Here is what I've done, and a few clarifying questions:
WSDL: Looking at the wsdl, there is nothing there about security policies, etc. Actually, nothing at all about security that I can see. Does there need to be? (Not that I have any control over this... just trying to understand.)
STUB: I've left the stub untouched, and can use it's methods, and call to the web service successfully (except for the security errors.)
RAMPART: I've been trying to use Rampart to enable security, and add the headers.
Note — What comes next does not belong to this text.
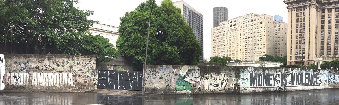 Residual Space 03 / partial panorama photo / The wall of the parking lot of the Ministry of Finance - Centro-RJ, an underused and inaccessible space on Rua Marechal Aguinaldo Caiado de Castro. Inhospitable and silent area around Praça do Expedicionário, reinforced by the mono-functional and homogeneous character of the Judiciary Complex. Potential _ Large space and cradle of the formation of the city of Rio de Janeiro-RJ (formerly Morro do Castelo-RJ).

To do this, I've unzipped the axis2-1.5 zip and the Rampart 1.5 zip together so the repository/modules directory would have all the right files.
TEST: Then, in my test code, I added the following:
...
ConfigurationContext ctx = ConfigurationContextFactory.createConfigurationContextFromFileSystem("src/test/java/com/thirdparty/soap/user/axis2-1.5/repository", null);
com.pearson.soap.user.UserManagementStub stub = new com.pearson.soap.user.UserManagementStub(ctx);
ServiceClient sc = stub._getServiceClient();
sc.engageModule("rampart");
Options options = sc.getOptions();
options.setUserName("apache");
options.setPassword("password");
options.setProperty("Created", "20011-05-01T15:05:01=06");
options.setProperty("Expires", "2011-05-01T15:05:01=06");
options.setProperty("UsernameToken", myToken);
...
Then I process the request. It goes through, but never includes the <soap:Header> section at all.
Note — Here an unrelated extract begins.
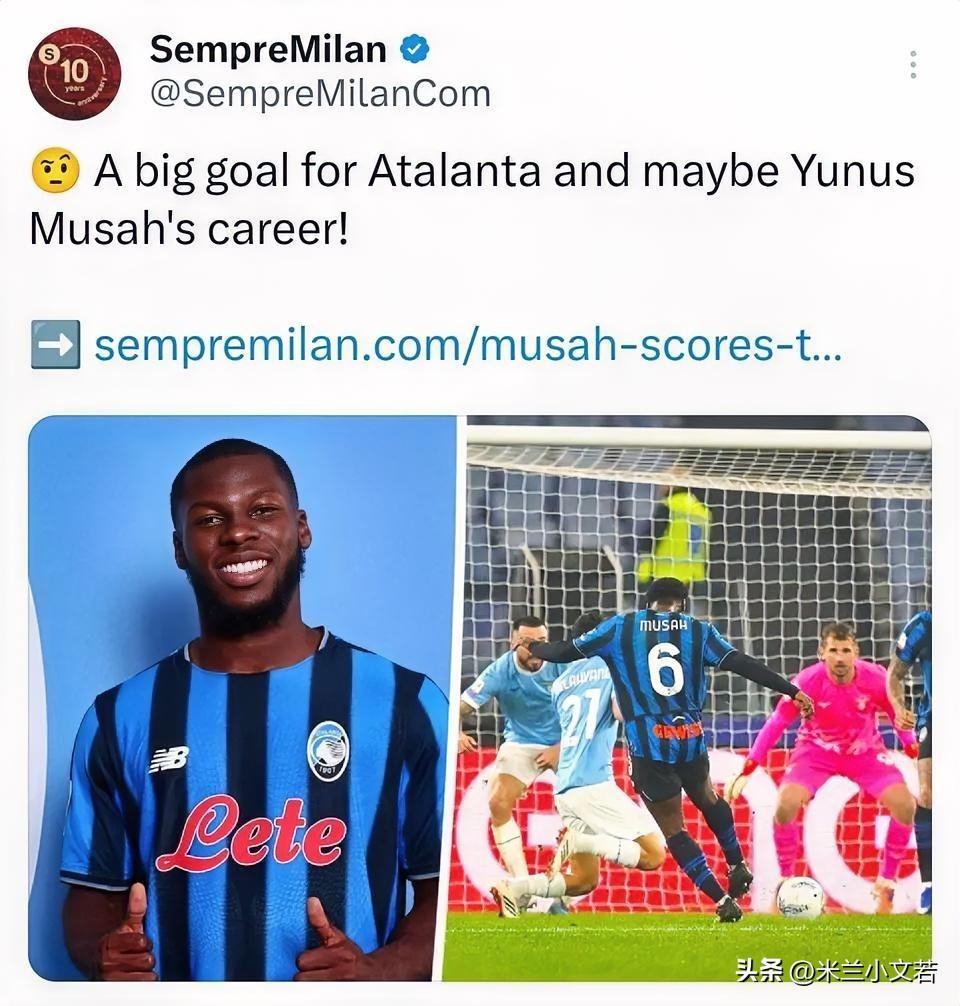 穆萨连续两场比赛取得进球。这是有缓儿?之前不是连续六场比赛都没有出场机会了,亚特兰大俱乐部冬季窗口说啥都要把穆萨送回来,但被米兰俱乐部拒绝了,也许之前不让穆萨出场不是实力原因而是对米兰俱乐部表达不满。 穆萨被亚特兰大买断个人觉得没啥机会。除非后面还能连场进球或者欧冠上有突出表现,否则亚特兰大留下穆萨没啥可能性,现在只能期待第一穆萨不要受伤,第二能多的参加比赛参加世界杯,这样夏季窗口还能研究卖英超去,阿莱格里肯定是不会留下穆萨了。 个人觉得每次说穆萨看起来不大聪明其实更多是调侃,阿莱格里到底是原因弃用穆萨现在真的很难说,按说穆萨的身体状态阿莱格里应当喜欢,但从阿莱格里来就对穆萨不感冒,特别是那场差点上脚去踹穆萨,感觉阿莱格里这次回来和之前不一样了,他好像更喜欢技术型中场,而不是过去的黑又硬。

This is a sample of the header I'm trying to generate.
<soap:Header>
<wsse:Security soap:mustUnderstand="1">
<wsu:Timestamp wsu:Id="Timestamp-b23cf78f-09f8-4eec-9106-
3a9a52819842">
<wsu:Created>2007-04-23T22:37:12Z</wsu:Created>
<wsu:Expires>2007-04-23T22:38:12Z</wsu:Expires>
</wsu:Timestamp>
<wsse:UsernameToken wsu:Id="SecurityToken-8836043e-8f9b-4e56-
8e2b-5610e9ce280f">
<wsse:Username>test</wsse:Username>
<wsse:Password Type="http://docs.oasis-
open.org/wss/2004/01/oasis-200401-wss-username-token-profile-
1.0#PasswordDigest">43h23932189t10yhahg09</wsse:Password>
<wsse:Nonce>f2949g0939g203yh203hg</wsse:Nonce>
<wsu:Created>2007-04-23T22:37:12Z</wsu:Created>
</wsse:UsernameToken>
</wsse:Security>
</soap:Header>
Can someone set me straight? Is Rampart the way to go here? Am I missing any steps, or files I need to include? Maybe I needed rampart somewhere when I used wsdl2java?